Sumner believes politicians don’t listen to Aboriginal people – “if they did, it would have changed years ago” – but is hopeful the Voice will bring change.

He’s also confident some of the candidates he’s met for the West and West Coast region will “put their point straight out [about] what we need around the community and South Australia”.

“I just need someone to get the voice out and tell them what we really want and make this community a bit more stronger,” he said.

Yalata Voice elections

Setting up the mobile polling place at the Yalata Community Hub in Yalata. Photo: Thomas Kelsall/InDaily

Asked what he made of the federal referendum result, Sumner said: “I’m still learning what was Yes for and what was No for.”

“Was it Yes to change the constitution or was it No to keep it? So I was a bit lost there.”

West and West Coast region candidate Rebecca Miller, an Aboriginal education worker in Port Lincoln, is also acutely aware of the voter awareness challenge.

She said she is campaigning over social media but community awareness about what she’s running for is “quite minimal”.

“I did a Snapchat blast last weekend, probably 85 per cent that snapped me back asked ‘what is this for?’,” Miller said.

“With the responses that I got on Snapchat, a lot of people – so these are younger people in the community – aren’t enrolled to vote.”

There are around 30,000 First Nations people in South Australia eligible to vote in the Voice elections, according to the Commission. The voting roll closed on February 12.

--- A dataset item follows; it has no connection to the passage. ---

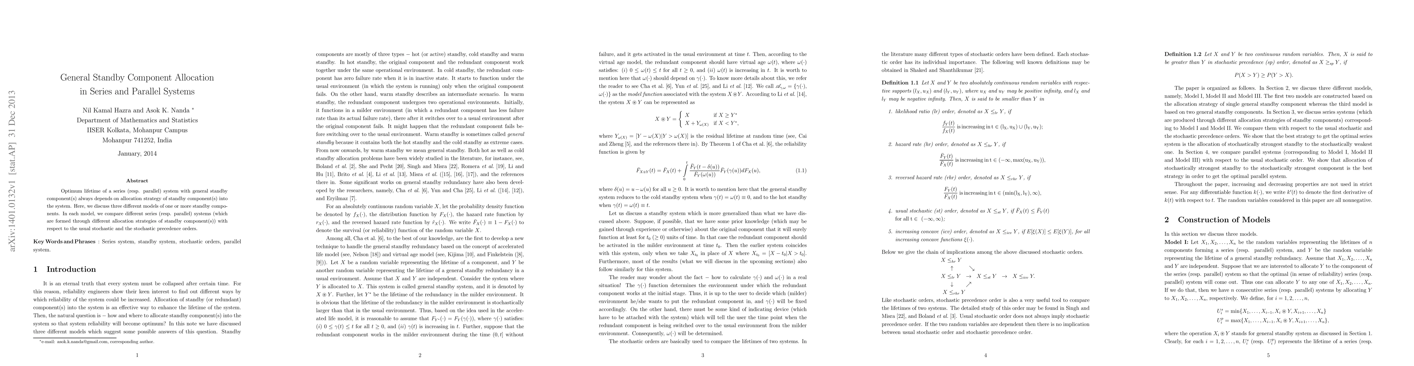 Optimum lifetime of a series (resp. parallel) system with general standby component(s) always depends on allocation strategy of standby component(s) into the system. Here, we discuss three different models of one or more standby compo- nents. In each model, we compare different series (resp. parallel) systems (which are formed through different allocation strategies of standby component(s)) with respect to the usual stochastic and the stochastic precedence orders.

Voting is not compulsory, and turnout will be closely watched with the Voice under political scrutiny from the Liberal Party and One Nation MLC Sarah Game (the latter has vowed to repeal the State Voice).

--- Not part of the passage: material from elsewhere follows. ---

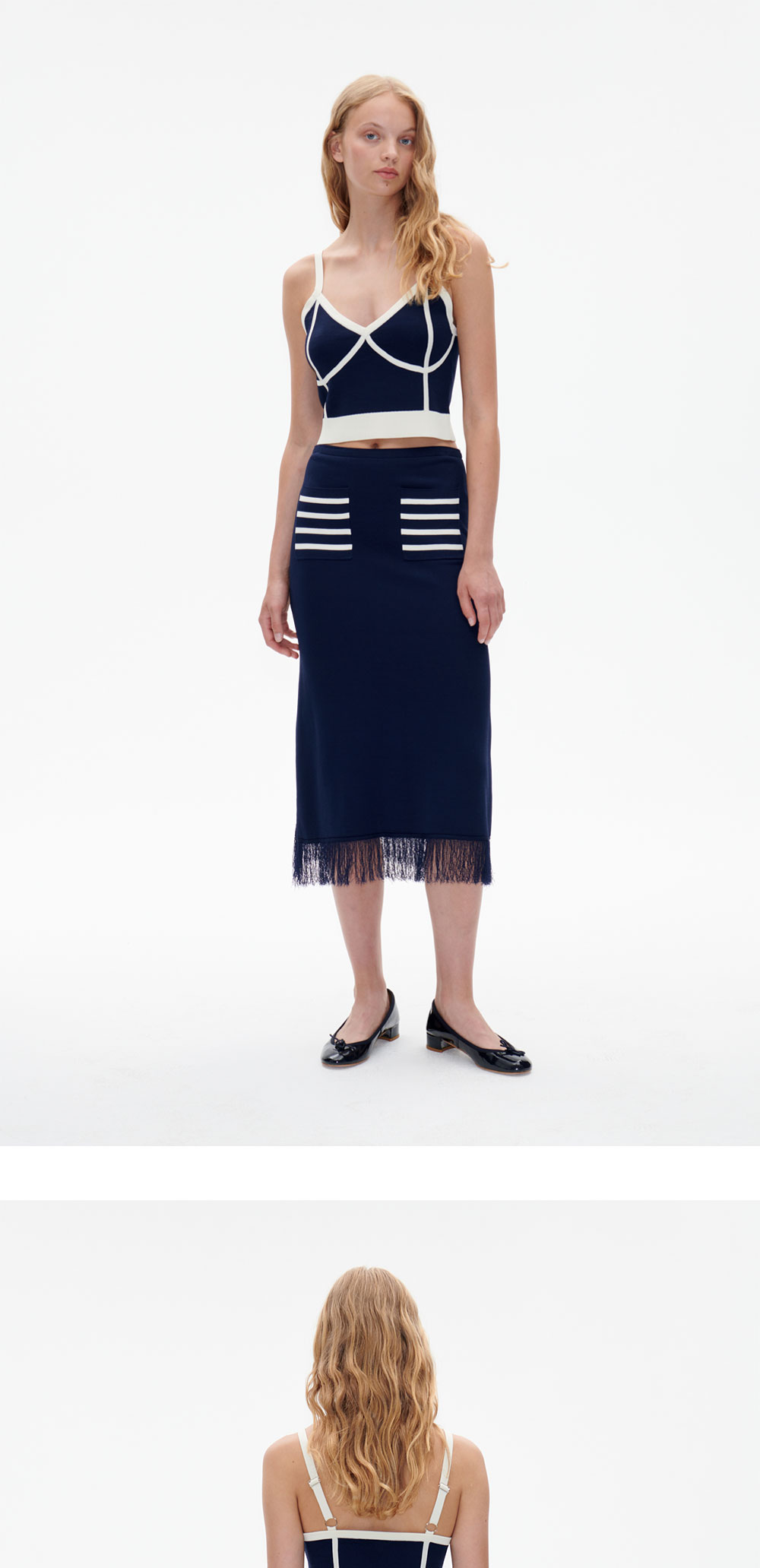 바움 운드 페르드가르텐의 사이프레 크롭 탑은 조절이 가능한 얇은 스트랩과 밑단의 립 니트가 특징입니다. - 핏한 사이즈 - 신축성 있는 소재 * 모델 신체 스펙 177cm / 착용 사이즈 S

Sign marking the entry to Yalata. Photo: Thomas Kelsall/InDaily

The Electoral Commission has not set a target for turnout in the inaugural Voice elections, according to the Commission’s communications director James Trebilcock.

Trebilcock also conceded that it has been “challenging” to have the Voice election only five months after the federal referendum, but said one-to-one conversations have been helpful in communicating the difference.

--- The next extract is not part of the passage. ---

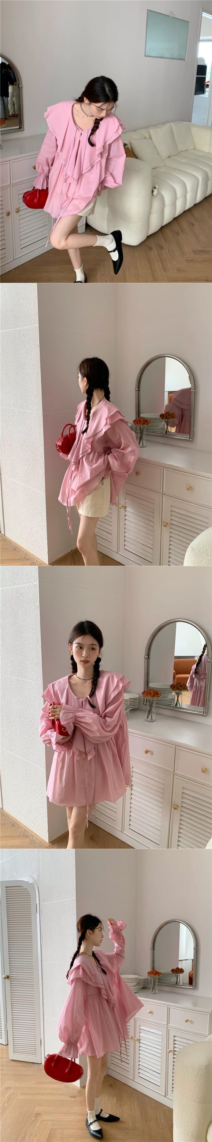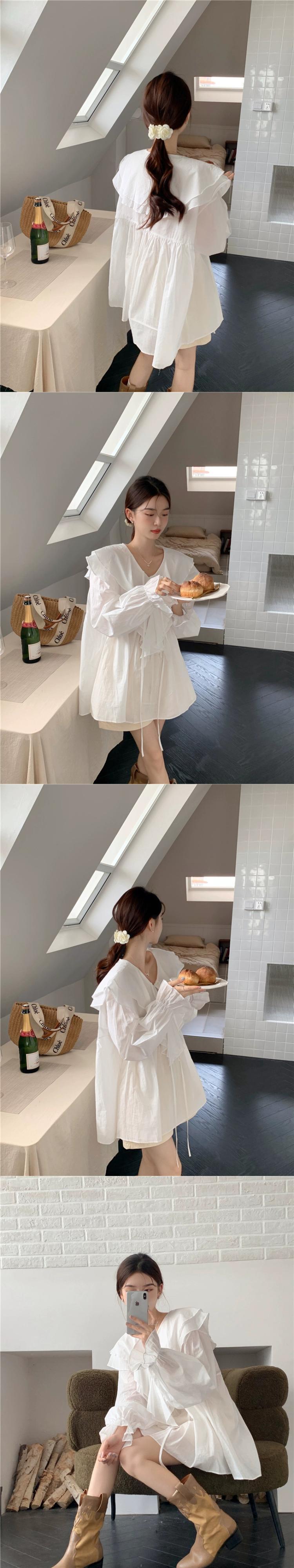 甘いフリル V ネックドレス女性 2024 春の新しいスタイルのトランペット長袖多用途ルーズ A ラインスカート ロング 大人ガーリー スウィート キュート カジュアル スプリング 春物 Vネック Aライン 0921934038402054

“One of the things that we have found by engaging with the communities and engaging with them one-to-one is that once we sit down and explain everything to them, the community actually really gets engaged with the South Australian Voice election,” he said.

“It’s been a really good process for us to be able to get out and talk to those people and explain to them what’s going on but also talk to them about any worries they have as well.”

Aboriginal voter turnout is generally much lower than non-Aboriginal turnout in national and state elections, according to Dr Rob Manwaring, associate professor at Flinders University’s College of Business, Government and Law.

But Manwaring said the novelty of the first Voice elections could drive more people to the polls.

“National elections will always get higher turnout than local or smaller elections,” he said.

“But where something is kind of quite specific in terms of particular communities eligible to vote, you might see much more increased areas of people turning out.

“I think there’s going to be a lot of interest in this… and I think turnout should be particularly good in certain areas.”

Manwaring added that “the rest of the nation is looking to see how this plays out” and there is “hope resting that this works really well and contributes to a new part of South Australia’s civic institutions”.

But he cautioned that the Voice could suffer from the “halo effect” whereby a strong turnout in the first year “wears off over time” and is not repeated when the second Voice elections come around in 2026.

“The first time a phenomenon happens there tends to be a lot of interest and excitement… and people think we can replicate that again,” he said.

“If Indigenous South Australians increasingly feel the Voice Is not making a big meaningful policy outcome, then it might be harder and harder over time to drive up enrolment.”

Polling day for the Voice is this Saturday, March 16. The results will be declared on March 25.